Investing in emerging markets, including those represented in the MSCI BIC Index, is not without inherent risks. These markets do not boast the same level of market efficiency and stringent accounting and securities standards as advanced economies. Consequently, investors must contend with risks such as limited transparency, underdeveloped regulatory systems, liquidity challenges, and heightened volatility, which can significantly impact the performance of their investments.

The Emergence of MSCI's Emerging Markets Index

Before the inception of the MSCI BIC Index, MSCI launched the Emerging Markets Index in 1988. This pioneering index focused on 24 distinct emerging market economies, including notable countries like China, Taiwan, and India. As of July 31, 2023, the Emerging Markets Index comprised a substantial 1,422 constituents, underlining the diversity and complexity of emerging market economies.

History of the MSCI BIC Index

The origins of the MSCI BIC Index can be traced back to December 30, 1994, when it was introduced under the moniker MSCI BRIC Index. At this juncture, the index encapsulated the equity market performance of not just Brazil, India, and China but also Russia. Russia's allure to investors and analysts was attributed to its abundant natural resources, a stabilizing financial sector, and its openness to international markets following the collapse of the Soviet Union.

Russia's Reclassification

However, a momentous turning point occurred on March 2, 2022. In the wake of Russia's military intervention in Ukraine on February 24, 2022, MSCI made a crucial decision to reclassify Russia. Following extensive consultations with international institutional investors, a resounding majority voted in favor of categorizing the Russian equity market as "uninvestable." Consequently, Russia was expelled from the MSCI BIC Index. This dramatic development reshaped the index, reducing its constituents to three prominent economies: Brazil, India, and China.

Distinction from BRICS

While the geopolitical alliance BRICS encompasses South Africa as a member, the corresponding MSCI index maintains its focus solely on Brazil, India, and China, remaining distinct from the geopolitical group.

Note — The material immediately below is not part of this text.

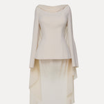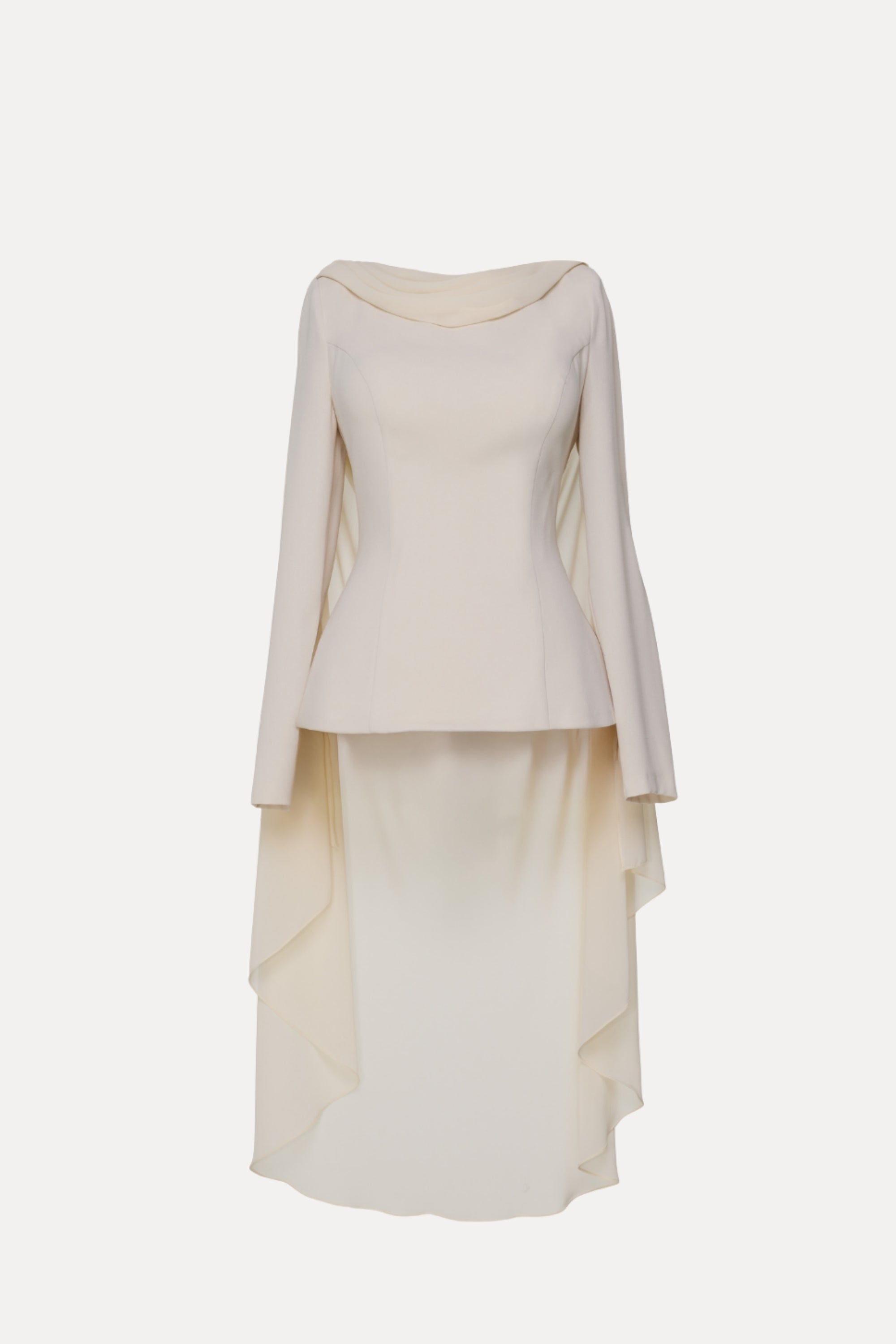 This sophisticated ensemble features a draped neckline and flowing chiffon details, creating a graceful and elegant silhouette. Ideal for formal occasions, its timeless design exudes effortless refinement.

Investment Options for MSCI BIC Index

Investors keen on gaining exposure to the markets represented in the MSCI BIC Index, along with other emerging market economies, have a myriad of investment instruments at their disposal. These include:

  • American Depositary Receipts (ADRs): These facilitate investment in foreign companies' stocks listed on U.S. exchanges.
  • Closed-end funds: These are investment funds with a fixed number of shares and are traded on stock exchanges like individual stocks.
  • Exchange-traded funds (ETFs): ETFs offer diversified exposure to a basket of assets, including stocks, bonds, or commodities, and are traded on stock exchanges.
  • Mutual funds: Mutual funds pool money from multiple investors to invest in a diversified portfolio of stocks, bonds, or other securities.

One notable investment vehicle related to the MSCI BIC Index is the MSCI BIC Index ETF (BKF), launched by iShares in 2007. As of September 1, 2023, this ETF boasts 644 constituents and manages assets worth $71.4 million. Investors in this fund incur a management fee of 0.69%.


The MSCI BIC Index is a vital financial indicator that measures the performance of emerging markets in Brazil, India, and China. Managed by MSCI, it plays a pivotal role in helping investors make informed decisions about their investments. While investing in emerging markets poses inherent risks, the MSCI BIC Index is a valuable tool for those seeking exposure to these markets.